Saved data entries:
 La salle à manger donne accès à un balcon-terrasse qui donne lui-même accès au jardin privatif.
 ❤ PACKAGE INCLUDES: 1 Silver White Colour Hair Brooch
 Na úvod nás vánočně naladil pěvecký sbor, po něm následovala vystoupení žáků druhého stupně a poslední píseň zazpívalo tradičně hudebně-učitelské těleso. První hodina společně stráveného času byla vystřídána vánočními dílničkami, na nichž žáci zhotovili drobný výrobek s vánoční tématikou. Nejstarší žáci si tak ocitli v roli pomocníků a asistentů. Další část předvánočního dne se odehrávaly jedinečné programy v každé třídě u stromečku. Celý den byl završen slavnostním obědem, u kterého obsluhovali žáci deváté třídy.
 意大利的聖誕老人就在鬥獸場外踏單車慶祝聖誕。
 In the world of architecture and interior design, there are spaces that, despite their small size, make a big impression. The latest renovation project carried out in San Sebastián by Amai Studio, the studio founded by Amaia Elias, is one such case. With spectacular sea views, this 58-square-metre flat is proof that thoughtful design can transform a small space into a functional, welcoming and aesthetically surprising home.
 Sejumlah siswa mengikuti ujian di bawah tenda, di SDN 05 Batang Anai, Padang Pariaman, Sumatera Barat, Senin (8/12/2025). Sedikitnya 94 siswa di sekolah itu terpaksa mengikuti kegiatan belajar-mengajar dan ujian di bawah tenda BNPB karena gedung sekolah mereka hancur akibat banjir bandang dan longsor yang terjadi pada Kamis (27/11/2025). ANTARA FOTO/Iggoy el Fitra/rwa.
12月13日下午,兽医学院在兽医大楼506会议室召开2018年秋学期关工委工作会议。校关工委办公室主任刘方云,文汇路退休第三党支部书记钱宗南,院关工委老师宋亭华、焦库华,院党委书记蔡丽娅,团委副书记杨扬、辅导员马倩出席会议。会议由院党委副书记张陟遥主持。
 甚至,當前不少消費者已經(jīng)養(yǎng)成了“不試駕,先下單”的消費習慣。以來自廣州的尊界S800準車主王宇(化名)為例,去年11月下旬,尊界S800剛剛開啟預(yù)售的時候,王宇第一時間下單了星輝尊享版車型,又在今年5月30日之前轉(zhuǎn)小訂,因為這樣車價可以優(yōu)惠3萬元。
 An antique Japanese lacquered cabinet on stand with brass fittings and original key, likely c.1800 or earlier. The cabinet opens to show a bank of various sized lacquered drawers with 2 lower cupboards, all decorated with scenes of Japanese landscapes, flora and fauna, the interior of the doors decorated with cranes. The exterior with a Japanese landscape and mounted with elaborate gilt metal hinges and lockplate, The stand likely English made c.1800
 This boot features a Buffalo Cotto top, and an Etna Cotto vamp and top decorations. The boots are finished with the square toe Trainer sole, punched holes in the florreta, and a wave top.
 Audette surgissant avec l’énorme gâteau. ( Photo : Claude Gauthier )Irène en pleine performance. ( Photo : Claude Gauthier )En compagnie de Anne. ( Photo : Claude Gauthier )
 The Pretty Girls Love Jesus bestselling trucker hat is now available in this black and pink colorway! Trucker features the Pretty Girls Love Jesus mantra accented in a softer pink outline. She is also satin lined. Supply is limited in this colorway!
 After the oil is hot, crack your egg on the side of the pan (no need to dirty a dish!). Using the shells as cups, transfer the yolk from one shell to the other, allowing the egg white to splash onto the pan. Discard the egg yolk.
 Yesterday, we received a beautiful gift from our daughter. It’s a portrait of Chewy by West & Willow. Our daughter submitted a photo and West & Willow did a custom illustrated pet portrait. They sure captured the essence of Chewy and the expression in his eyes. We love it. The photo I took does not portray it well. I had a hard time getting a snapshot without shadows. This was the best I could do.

#### ACTION ITEM
Filter the entries down to the lines with the word "features" in them.

#### TASK OUTPUT
 This boot features a Buffalo Cotto top, and an Etna Cotto vamp and top decorations. The boots are finished with the square toe Trainer sole, punched holes in the florreta, and a wave top.
 The Pretty Girls Love Jesus bestselling trucker hat is now available in this black and pink colorway! Trucker features the Pretty Girls Love Jesus mantra accented in a softer pink outline. She is also satin lined. Supply is limited in this colorway!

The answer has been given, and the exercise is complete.